An RDD (Resilient Distributed Dataset) is Apache Spark’s foundational data abstraction — an immutable, distributed collection of objects that can be processed in parallel across a cluster. Every higher-level Spark API (DataFrame, Dataset) is built on top of RDDs.

The Three RDD Properties

1. Resilient — fault-tolerant through lineage. If a partition is lost (due to node failure), Spark can recompute it from the lineage graph without requiring data replication.

2. Distributed — partitioned across multiple nodes. Each partition is processed independently by one task on one executor core.

3. Dataset — a collection of serializable objects (strings, integers, tuples, case classes, or any Java/Python objects).

RDD Characteristics

Property	Description
Immutable	Cannot be modified after creation; transformations produce new RDDs
Lazy	Transformations are not executed until an action triggers computation
Partitioned	Split into chunks distributed across the cluster
Typed	Strongly typed in Scala/Java; dynamically typed in Python
In-memory	Default storage is RAM; spills to disk when memory is exhausted

Creating RDDs

from pyspark.sql import SparkSession

spark = SparkSession.builder.appName("RDD Basics").getOrCreate()
sc = spark.sparkContext

# From a Python collection
rdd1 = sc.parallelize([1, 2, 3, 4, 5])
rdd2 = sc.parallelize(range(1000), numSlices=8)   # 8 partitions

# From a file
rdd3 = sc.textFile("s3://bucket/logs/*.log")
rdd4 = sc.textFile("hdfs://namenode/data.txt", minPartitions=4)

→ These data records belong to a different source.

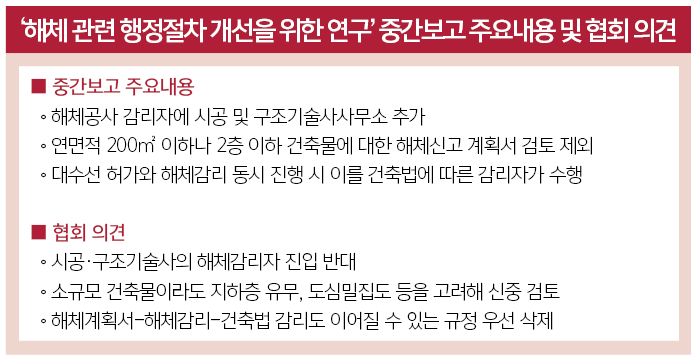 협회에 따르면, 경상국립대학교가 수행 중인 연구용역 중간 결과에는 ▲해체공사 감리자에 시공 및 건축구조기술사사무소 추가 ▲연면적 200㎡ 이하나 2층 이하 건축물에 대한 해체신고 계획서 검토 제외 ▲대수선 허가와 해체감리 동시 진행 때 건축법에 따른 감리자가 이를 수행하는 내용이 수록된 것으로 알려졌다.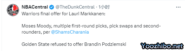 众所周知,马尔卡宁是勇士队想要引援的目标,可勇士与爵士之间的交易谈判失败,据名记shams报道,勇士对马尔卡宁的最终报价为穆迪+多个首轮签+多个次轮签+选秀权互换权,同时勇士拒绝在交易中付出波杰姆斯基。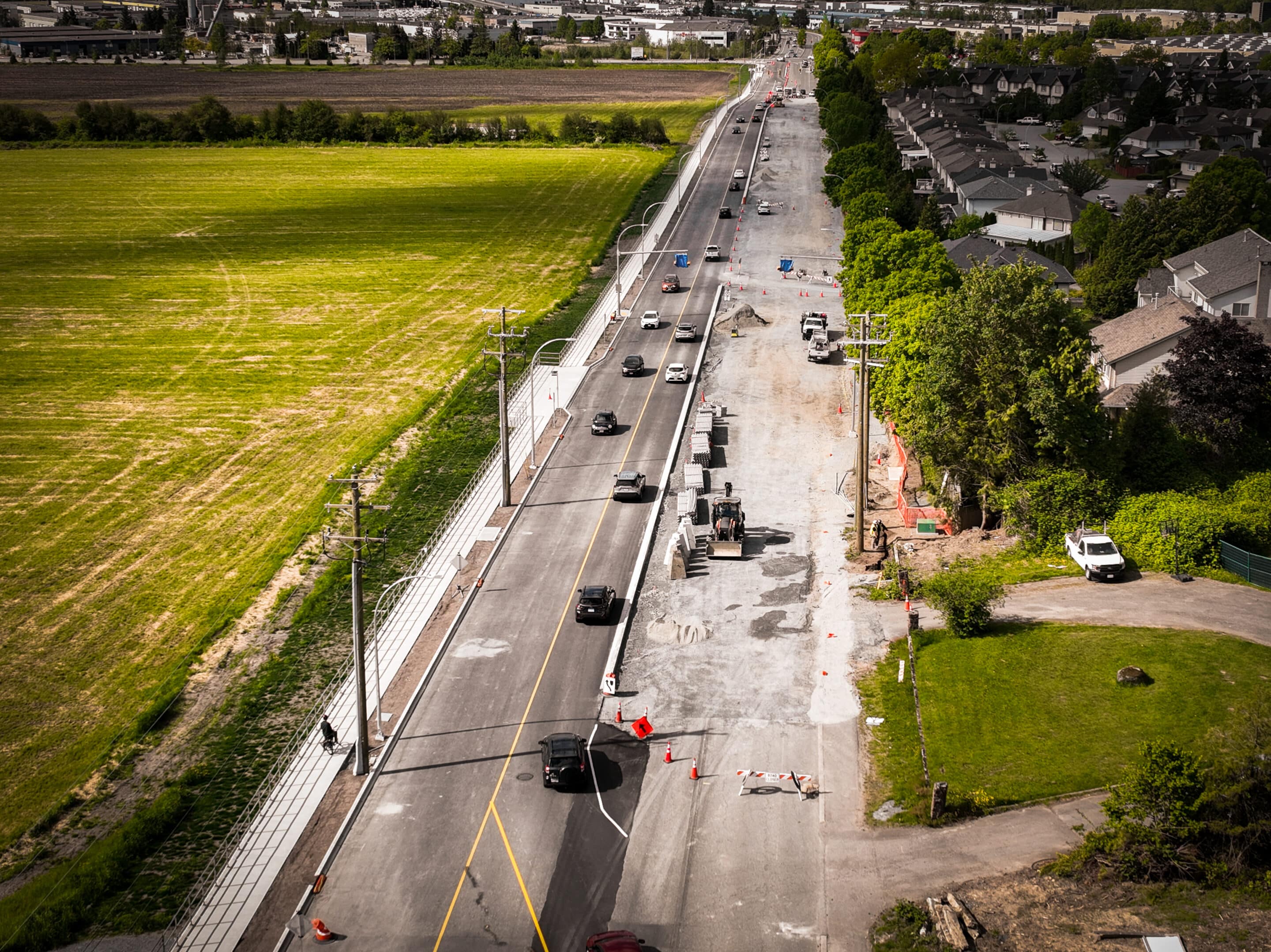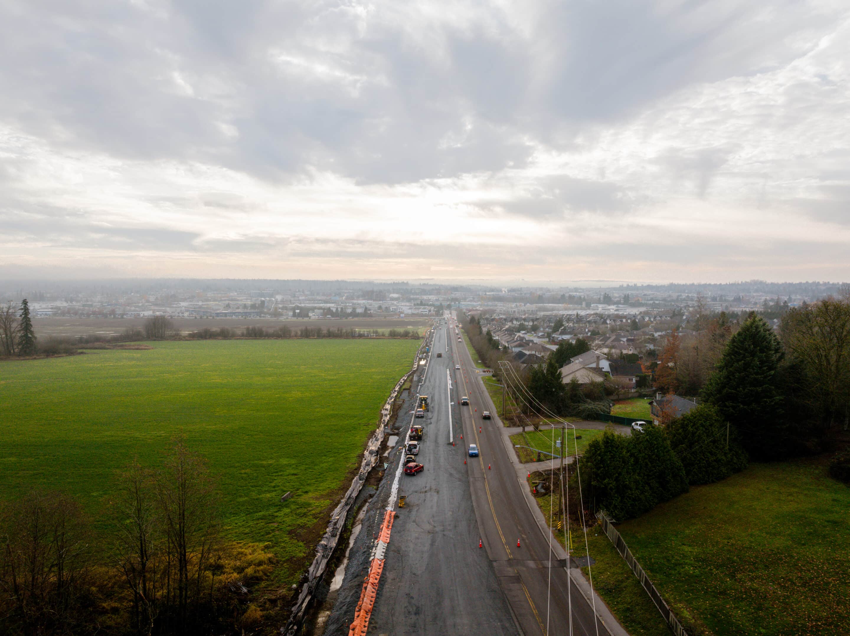 The scope also involved significant underground utility work, including new watermain, storm, and sanitary infrastructure, as well as roadworks such as pavement marking improvements along 72 Avenue. This large-scale project improved transportation capacity, safety, and servicing for a growing area of Langley.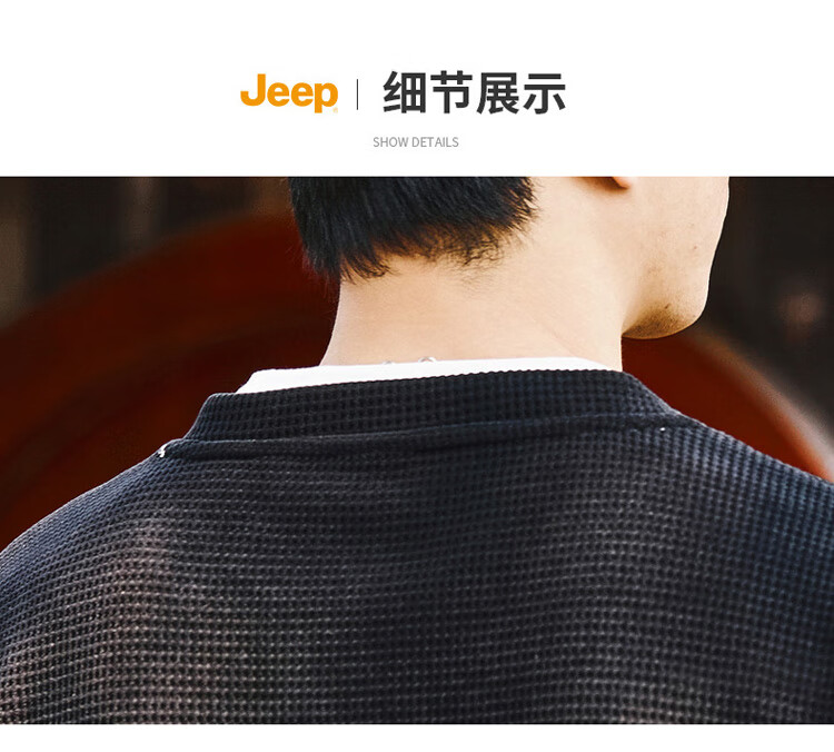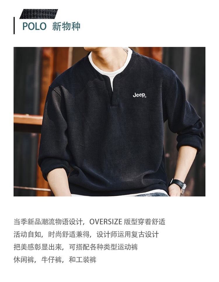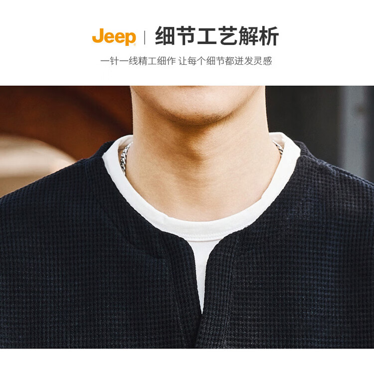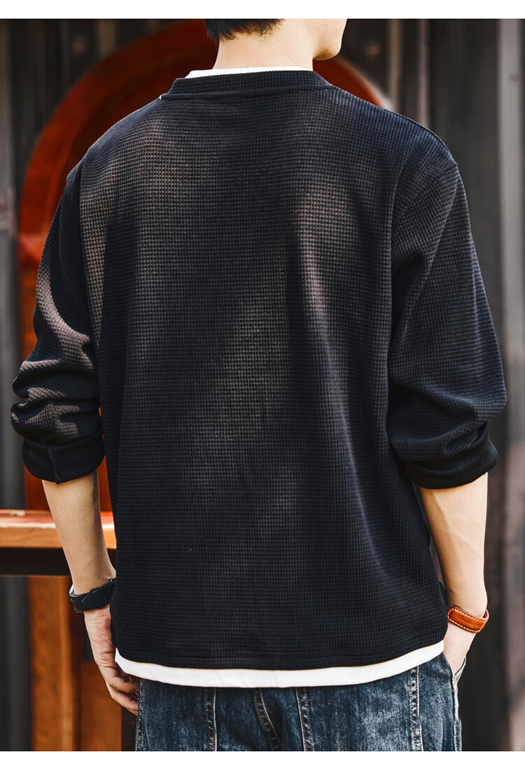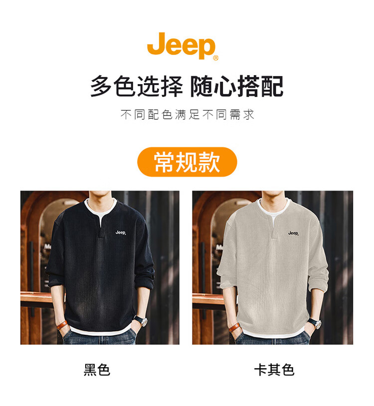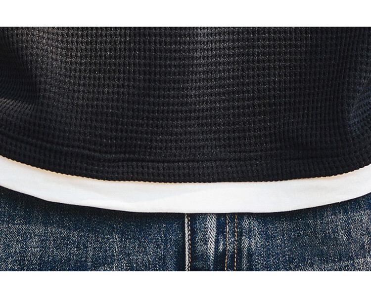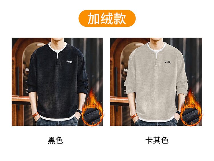 Jeep (JEEP) sweatshirt men's autumn and winter heavyweight waffle fake two-piece bottoming shirt top men's black XL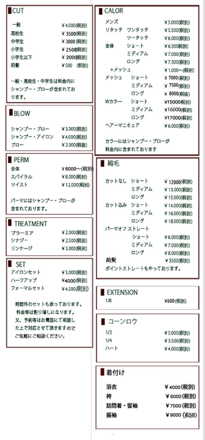 カット無し (S) \ 10000(税別) カット込み (S) \ 13000(税別)

# From another RDD (transformation)
rdd5 = rdd1.filter(lambda x: x % 2 == 0)
rdd6 = rdd3.map(lambda line: line.upper())

How Fault Tolerance Works

# Step 1: Create a chain of transformations
raw  = sc.textFile("s3://logs.txt")
filt = raw.filter(lambda l: "ERROR" in l)
msgs = filt.map(lambda l: l.split("|")[2])

# Step 2: If an executor fails mid-job and loses a partition of "msgs":
# - Spark does NOT need a backup copy of the data
# - Spark replays: textFile → filter → map for that partition only
# - Job continues without data loss

msgs.count()   # Completes even if a node fails

RDD Operations

rdd = sc.parallelize(["hello world", "apache spark", "big data"])

# Transformations (lazy)
words   = rdd.flatMap(lambda s: s.split())          # ["hello", "world", ...]
lengths = words.map(lambda w: (w, len(w)))          # [("hello", 5), ("world", 5), ...]
long_w  = words.filter(lambda w: len(w) > 4)       # ["hello", "world", "apache", "spark"]

# Actions (trigger execution)
long_w.collect()      # ["hello", "world", "apache", "spark"]
long_w.count()        # 4
long_w.take(2)        # ["hello", "world"]

RDD vs DataFrame: When to Use Each

In 2025, use DataFrames for the vast majority of work:

Use RDDs When…	Use DataFrames When…
Processing unstructured data (raw text, binary)	Structured/semi-structured data
Complex custom logic that doesn’t map to DataFrame API	SQL-like transformations
Low-level control over partitioning	Automatic Catalyst optimization
Legacy Spark 1.x code	New code — always prefer DataFrames
Python closures with non-serializable objects	Standard column operations

DataFrames are faster (Catalyst + Tungsten), safer (schema enforcement), and more concise.